Just got back from a Colorado Springs conference and had the 'same conversation' once again this time with the cab driver. A decade out from California, the fella was a luxury real estate developer, and he shared two stories which characterizes our zeitgeist.

The first is that of a former client who has a 25 million dollar home (well that was what they paid for it) with several million in equity. They would like to refinance with the bank but they can't because the bank has absolutely no idea how to value it, couldn't even give 'em a number or a range.

The second is that this cabdriving victim of the misallocation of productive capital plans to stock up on guns and ammo and, offering the caveat of 'don't laugh with what I'm going to tell you Mr. Stranger in the back seat', has plans to go to Alaska with a portable home (I forget the indigenous term) to live of the land.

Being a contrarian, I suggested to him that his conversation was one that had been oft-repeated as of late (he agreed his associates were all chortling the same) and suggested that if we do get shaked and baked either through gravity dislocations (astro stuff), history relocations (war following financial crisis), or popular sniping (the manufacture of contempt for it is only a Great Depression if they say it is) the big cities will probably be the safest place to be...

After all, if the s$&% comes down do you really want to be out in the hinterlands with every other fella loaded to bare? Sounds like Mad Max to me.

If I knew the way would most probably share it, but he who has a crystal ball most certainly ends up with a mouthful of broken glass.

This I feel to be true... it is a Great Depression but with different characteristics than our First. You can read the intro to this blog as well as the inception date, your humble blogger dropped the tagline of the Great Depression of 2007 prior to the Noblesse Oblige even calling the recession.

In GD1 what was a fella to do? Collect cigarette butts on the street, sit on the porch, listen to the radio, or mayhaps go down to the Bowery and get in trouble?

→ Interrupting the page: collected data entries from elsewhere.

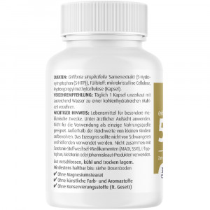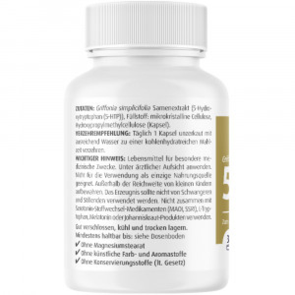 · Eine Kapsel enthält 200mg 5-HTP, das auf natürliche Weise mittels Extraktion gewonnen wird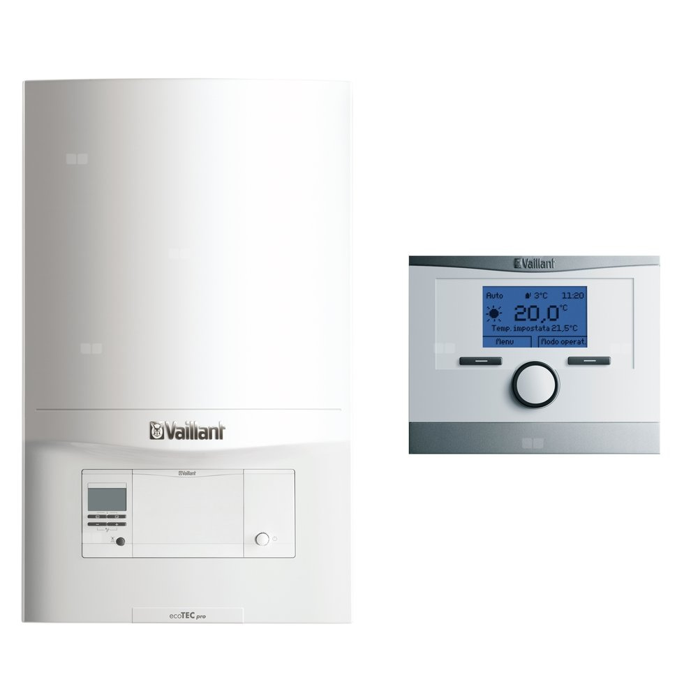 Gazowy, dwufunkcyjny kocioł kondensacyjny Vaillant VCW ecoTEC pro 236/5 z z regulatorem pokojowym calorMATIC 350 lub regulatorem systemowym multiMATIC 700 i opcjonalnie zestawem podstawowym systemu powietrzno-spalinowego szachtowego lub z wyrzutem przez ścianę.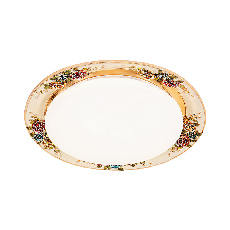 Led Flush Mount Ceiling Light - Traditional Grey/Red/Green With Round Resin Shade Bedroom Lighting

Now the choices are a cornucopia of low-cost to no-cost diversion. Juvenal would be proud. Watch a movie , read a book, read a paper, or listen to music all for free via the intertubes and collect the government check. All until that zombie movie comes to your local cineplex entitled 99 Weeks Later. 

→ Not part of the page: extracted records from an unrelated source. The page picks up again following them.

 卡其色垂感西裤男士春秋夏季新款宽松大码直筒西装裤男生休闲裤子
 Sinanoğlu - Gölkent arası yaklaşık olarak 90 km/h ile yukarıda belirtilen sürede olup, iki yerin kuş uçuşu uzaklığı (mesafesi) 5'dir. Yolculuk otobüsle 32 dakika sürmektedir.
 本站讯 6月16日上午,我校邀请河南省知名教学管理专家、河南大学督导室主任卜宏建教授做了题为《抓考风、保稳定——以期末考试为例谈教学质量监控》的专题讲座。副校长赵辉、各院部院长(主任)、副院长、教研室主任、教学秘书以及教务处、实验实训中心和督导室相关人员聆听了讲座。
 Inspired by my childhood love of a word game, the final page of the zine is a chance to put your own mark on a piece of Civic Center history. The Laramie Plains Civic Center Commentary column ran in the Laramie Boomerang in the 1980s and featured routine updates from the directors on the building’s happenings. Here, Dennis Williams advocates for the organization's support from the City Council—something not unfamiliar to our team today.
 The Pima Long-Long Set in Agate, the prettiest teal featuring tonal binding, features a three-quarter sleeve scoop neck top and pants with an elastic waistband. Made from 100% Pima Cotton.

Among the empirical evidence of our current dilemma are current unemployment levels being empirically worse than the worse levels of the Great Depression Volume 1 - if we apply the same measurement metric. Seriously, you can look it up!

Another nugget is the comparable extremes met in the separation of wealth in 1928 and 2007, which has actually upticked through 2010. B.S. Bernanke certainly did learn the 'lessons' of GD1, did he not?

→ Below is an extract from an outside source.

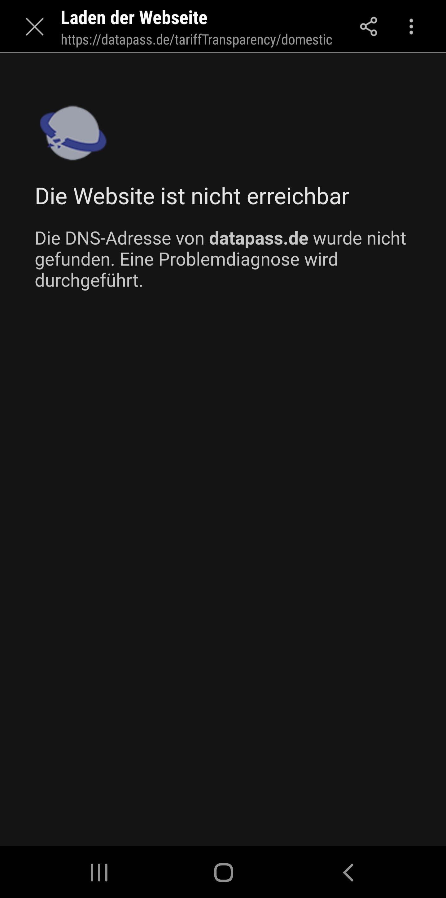 Die Seite von datapass kann nicht geöffnet werden (s. Foto 3).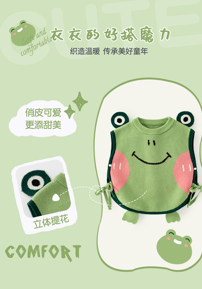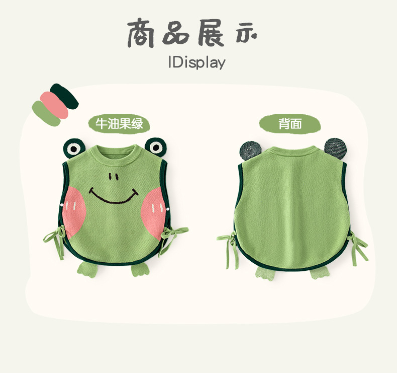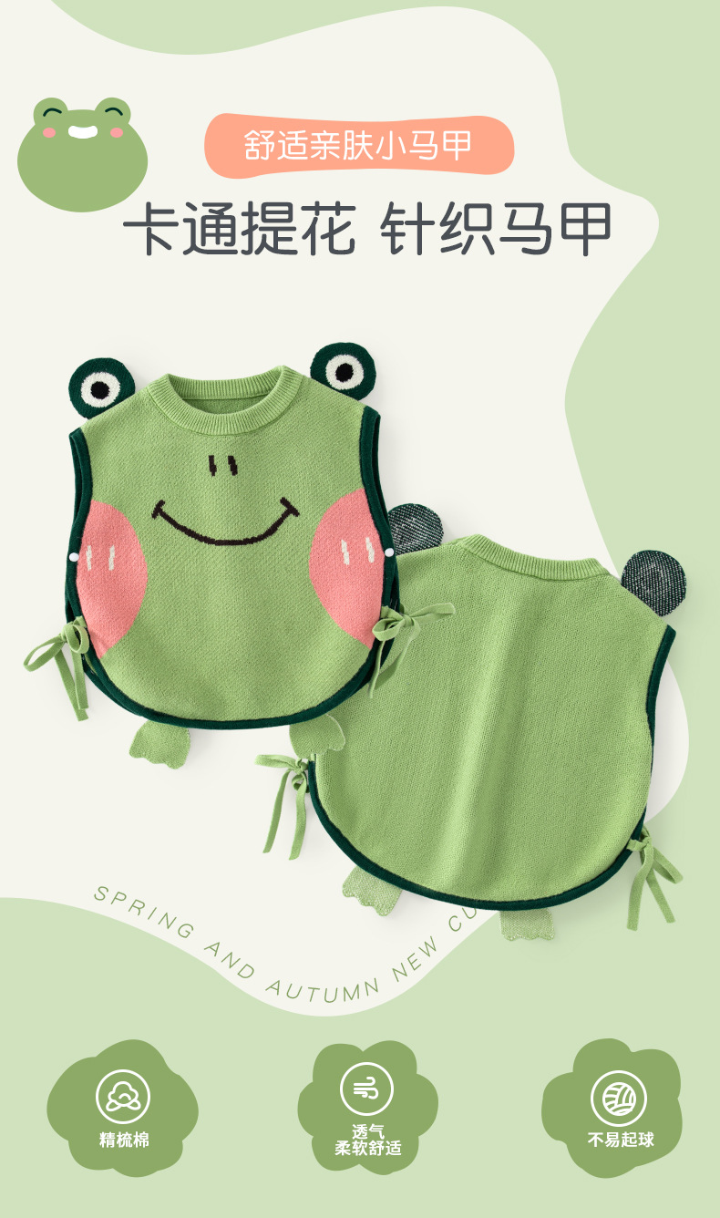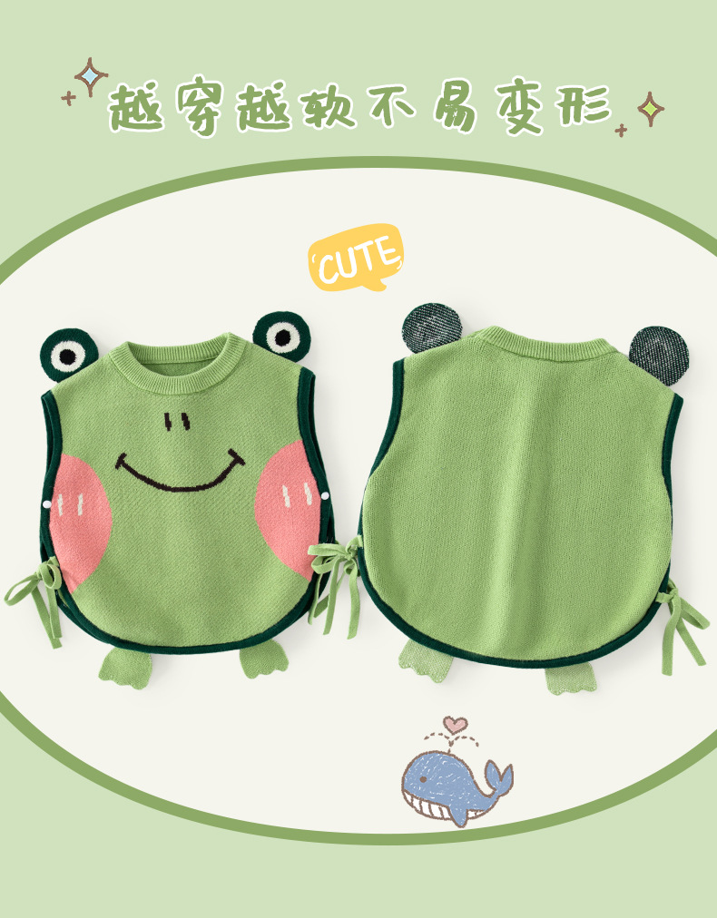巴布雨新款A类小青蛙婴儿马甲纯棉可爱针织儿童马甲秋冬宝宝马甲

My trading sensei berated me a few days ago in my commenting that this is GD2, with the bromide 'look at all the affluence around us!' My reply was have you ever read newspapers from 1930 and 1931? - Internally I verbalized Hemingway's chestnut...'{there are two ways a man goes broke}, slowly,and then all at once.' Once upon a rhyme is a'comin.

Here in Cook County homes over $500,000 are not to be foreclosed on, the banks don't want to take the hit, the overextended upper middle class with horsehair splintering probably choosing to go to Disneyland (or Nordstrom's?) as they squat in their hut and dream of... I don't know... joining the cab driver in Alaska?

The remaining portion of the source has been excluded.